Cache key is derived
Cache key derivation accounts for the model, cleaned content, and project context. Cache hits are always project-scoped and never shared across accounts.
Cache lookup
The key is checked against a distributed cache shared across all proxy instances. Hit? Return the response immediately. Miss? Forward to the provider.
Cache write (on miss)
Successful non-streaming responses are stored with a configurable TTL. The next identical request — from any instance, any user in the same project — gets a cache hit.
What a cache hit looks like
{
"model": "oah/llama-4-maverick",
"choices": [ ... ],
"aisg_metadata": {
"request_id": "req_abc123",
"cache_hit": true,
"mode": "cached",
"latency_ms": 2,
"upstream_latency_ms": 0,
"cost_usd": 0.0,
"dlp_latency_ms": 8,
"pii_detected": false
}
}The response body is identical to what the LLM would return. The aisg_metadata object tells you it was a cache hit: cost_usd: 0.0, upstream_latency_ms: 0, and a total latency measured in single-digit milliseconds instead of hundreds.
Why “DLP-Aware” Caching Matters
Most caching implementations hash the raw prompt. This is wrong if you're doing any form of PII processing. Consider two requests with different personal details but identical intent:
# Request A
"My name is Alice Johnson, SSN 123-45-6789. What's my balance?"
# Request B
"My name is Bob Smith, SSN 987-65-4321. What's my balance?"
# After DLP redaction, both become:
"My name is [PERSON], SSN [US_SSN]. What's my balance?"After DLP redaction, both requests are semantically identical. A DLP-aware cache computes the key on the redacted version, so Request B gets a cache hit from Request A's response. A naive cache would treat them as different prompts and pay for both.
This is particularly impactful for customer-facing applications where many users ask the same question with different personal details. The DLP pipeline strips the PII, the cache handles the deduplication, and you pay for one LLM call instead of hundreds.
Technical note: Cache matching is performed on DLP-cleaned prompt content. Prompts that differ only in PII values are treated as cache-equivalent after normalization. This is exact-match on the normalized output, not embedding-based semantic similarity — the “semantic” equivalence comes from the DLP normalization step, not from vector embeddings.
What Gets Cached (and What Doesn't)
Cached
- Non-streaming chat completions
- Successful responses (HTTP 200)
- Responses without tool/function calls
Not cached
- Streaming responses (SSE)
- Error responses
- Tool call responses (side effects)
- Image generation requests
Streaming is excluded because cache hits need to return the full response immediately — buffering a stream defeats the purpose. Tool calls are excluded because they produce side effects (database writes, API calls) that should not be replayed from cache.
Distributed, Not In-Memory
In-memory caches don't work in production. Any horizontally-scaled deployment runs multiple proxy instances behind a load balancer. An in-memory cache on Instance A is invisible to Instance B.

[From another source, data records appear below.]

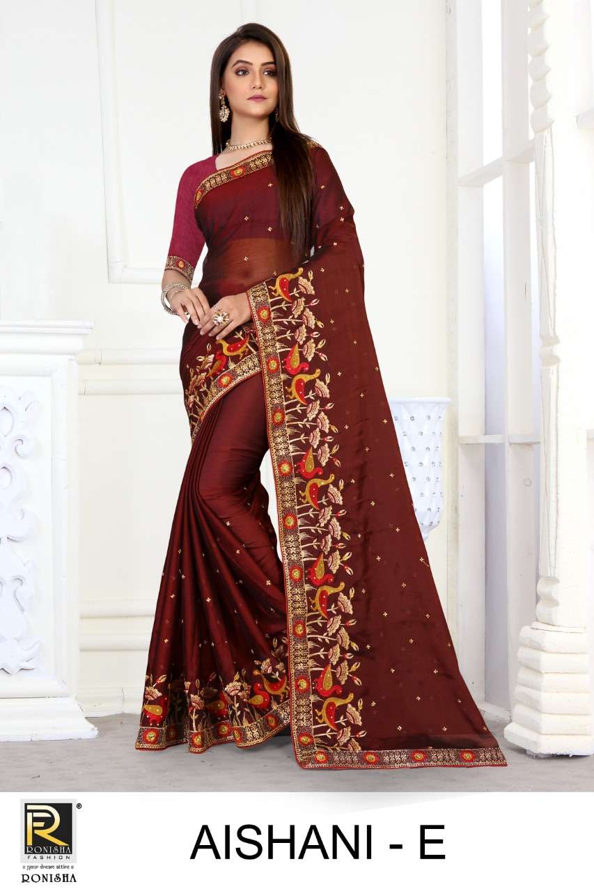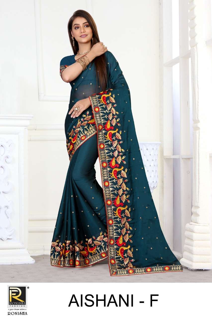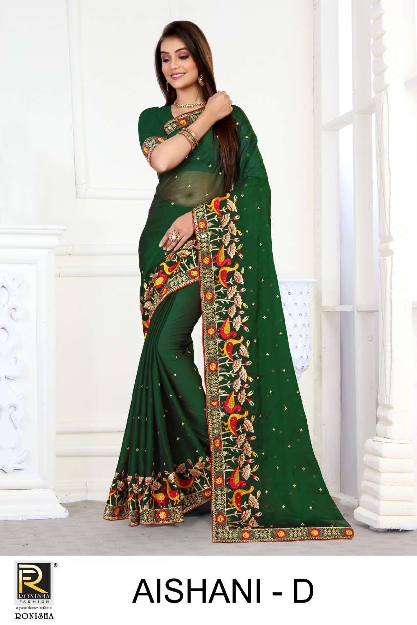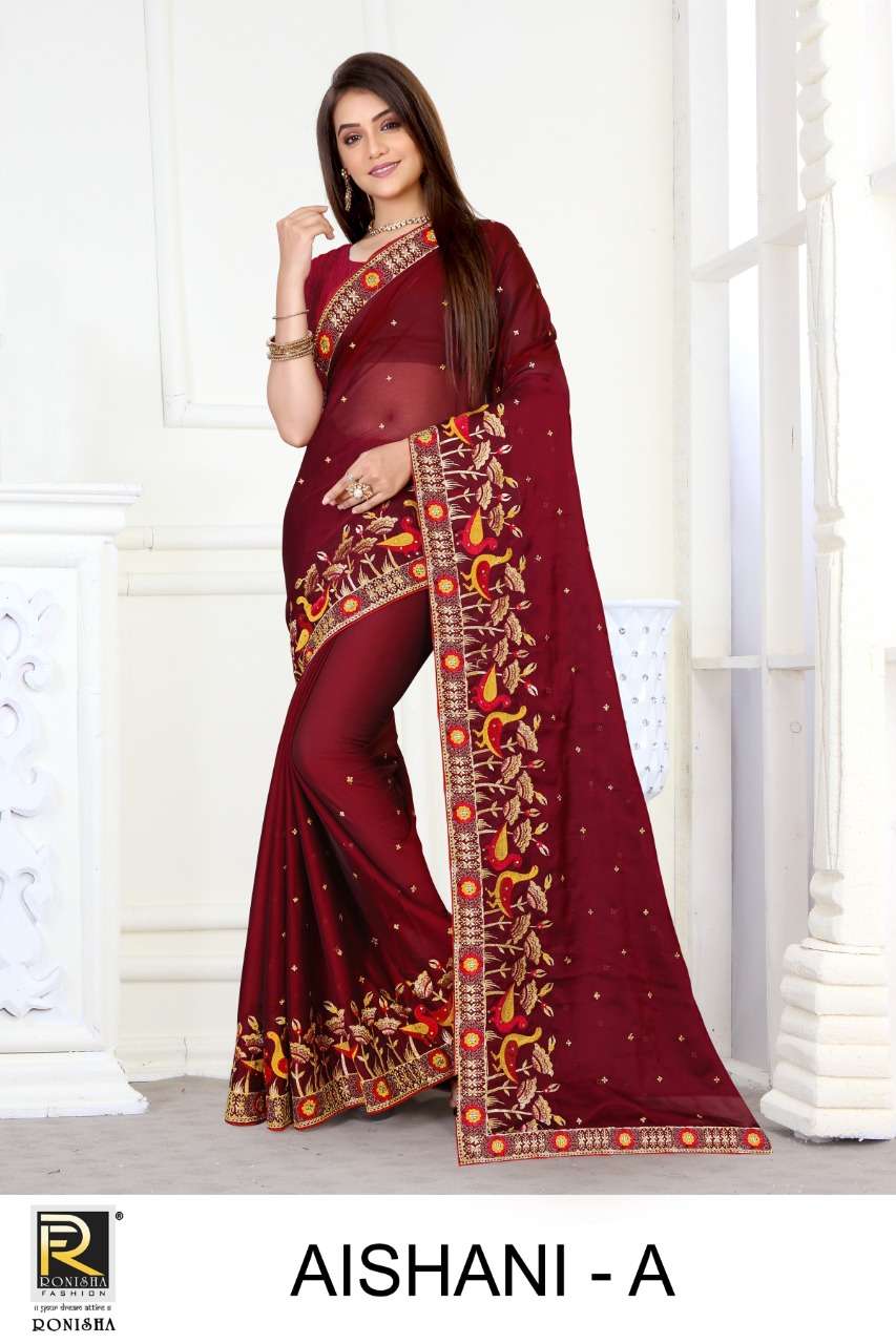 AISHANI BY RANJNA SAREES CIFFONE EMBROIDERY WORK HEAVY DIAMOND SAREES COLLECTION
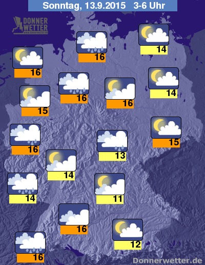 In der kommenden Nacht werden auch die Wolken über der Osthälfte des Landes immer zahlreicher und dichter, es bleibt hier dennoch bis zum Morgen überwiegend trocken. Weiter nach Westen hin zieht zumeist dichte Bewölkung durch und nur hier und da ist es auch mal aufgelockert bewölkt, dazu kann immer wieder und teils auch langanhaltender Regen fallen. Die Temperatur sinkt auf 16 Grad in Hannover und bis 11 Grad in Franken.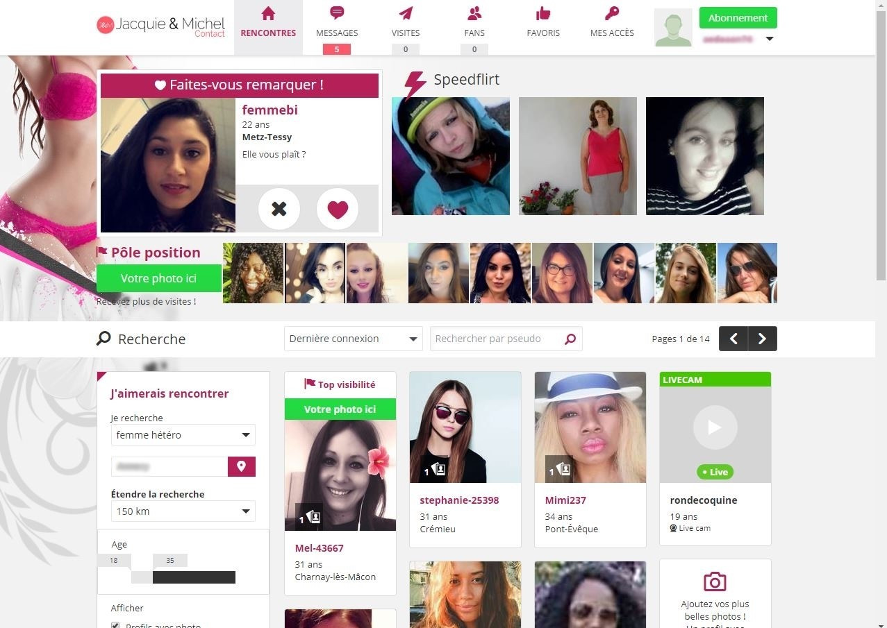Dès notre arrivée sur la page d’accueil du site Jacquie et Michel contact, on a su ce qui nous attendait. En effet, la mosaïque de photos de femmes en positions suggestives et plus ou moins habillées ne laisse pas beaucoup de place au doute quant à l’objectif de ce site de rencontre. On doit bien avouer que ça donne envie.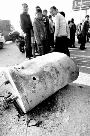 從楊高南路看進(jìn)去,加油站里面三座加油機(jī)尚且完好。而最靠浦三路的一臺平時為助動車加氣的加氣裝置已經(jīng)面目全非,底面積約四十平方米的地下貯氣罐被炸出地面。東側(cè)的楊高南路,西側(cè)的浦三路,包括更遠(yuǎn)處的昌里東路上,散落著大大小小的碎石,一個直徑半米左右的鐵罐,將楊高南路的非機(jī)動車道砸出了一個洞。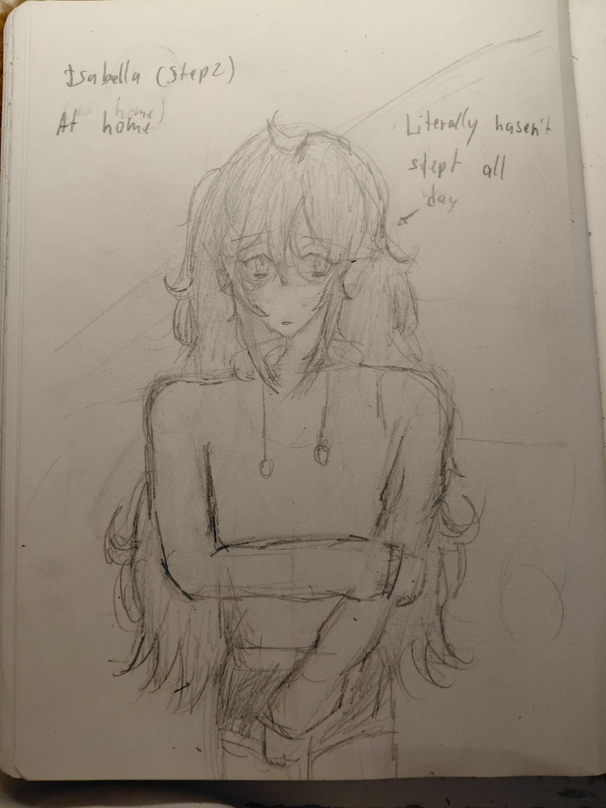 Oh, yea fun or not so fun facts about her: In step 2 Isabella sometimes or most of the time lacks sleep so that's why in my sketch she looks tired...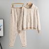 Женский осенний модный повседневный свитер с капюшоном в волнистую полоску и спортивные штаны, комплект из двух предметов

AISG uses a distributed cache layer shared across all proxy instances. A cache entry written by one instance is immediately available to every other instance. This means:
- ✓ Cache hits work regardless of which instance handles the request
- ✓ Cache hit rates scale with total traffic, not per-instance traffic
- ✓ If the cache layer is temporarily unavailable, requests fall through transparently — no errors, no downtime
Self-hosted deployments require a Redis-compatible cache backend (Redis 7+, Valkey, or Dragonfly). Managed AISG handles the cache infrastructure automatically with encryption in transit.

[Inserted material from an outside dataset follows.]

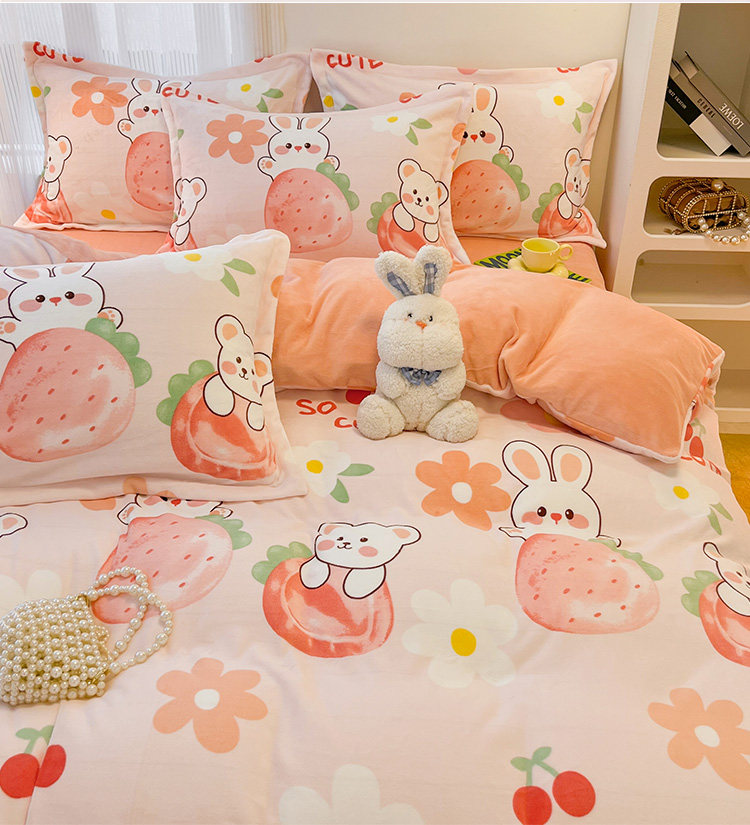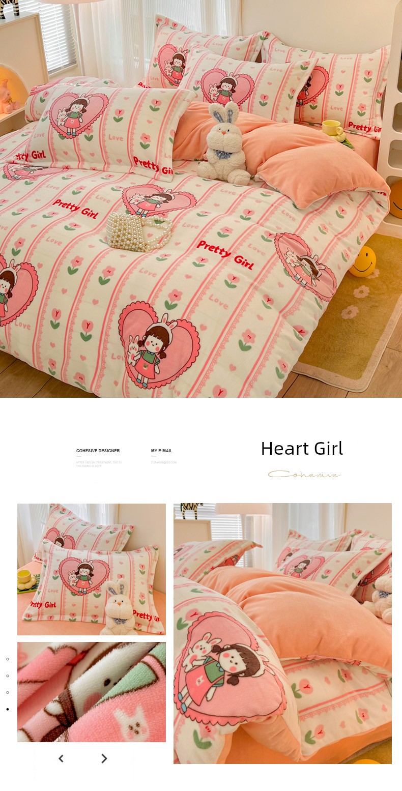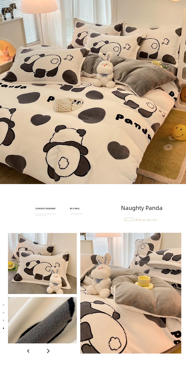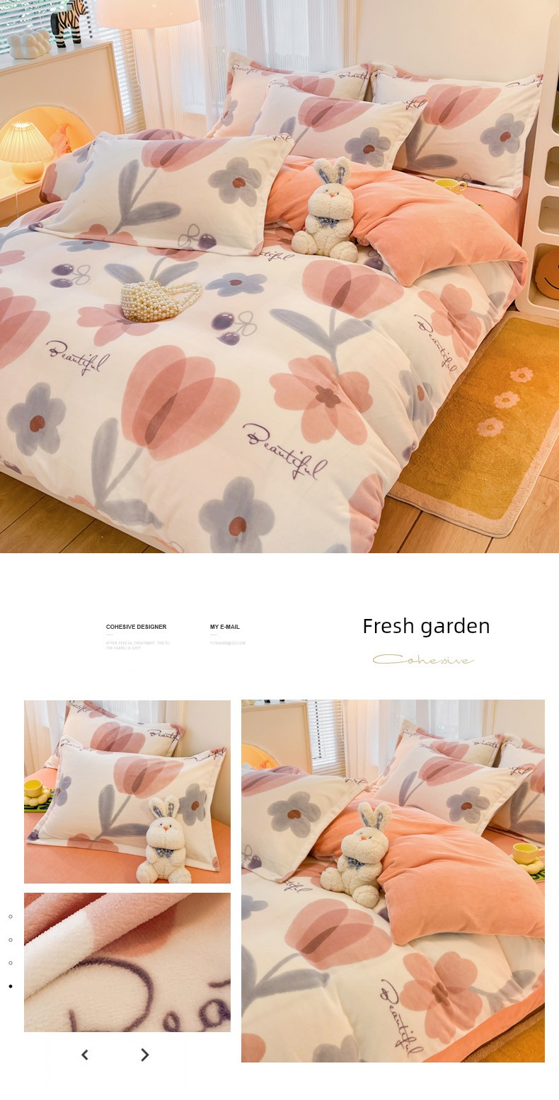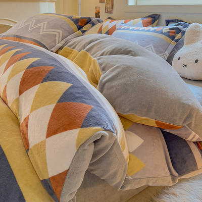Milk Fiber Coral Fleece Duvet Cover Single Piece Winter Thickened Velvet Padded Flannel Duvet Cover Three-Piece Student Dormitory Kids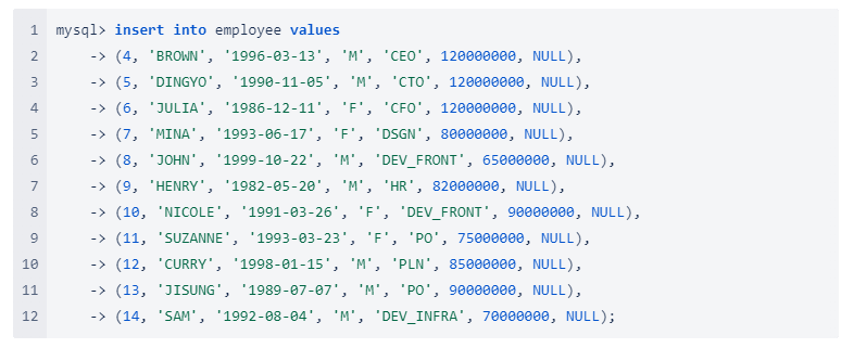 ERROR 1062 (23000): Duplicate entry '1' for key 'employee.PRIMARY' //PRIMARY KEY 1이 중복으로 에러

Integration: Zero Code Changes
If you're already routing through the AISG proxy, caching is active by default. There's nothing to enable, no SDK to update, no configuration to set. Your existing code works as-is:
from openai import OpenAI
client = OpenAI(
base_url="https://api.aisecuritygateway.ai/v1",
api_key="your-aisg-key",
)
# First call: cache miss -> provider round-trip (~400ms)
response = client.chat.completions.create(
model="oah/llama-4-maverick",
messages=[{"role": "user", "content": "What is GDPR?"}],
)
# Second identical call: cache hit -> cached response (~2ms, $0)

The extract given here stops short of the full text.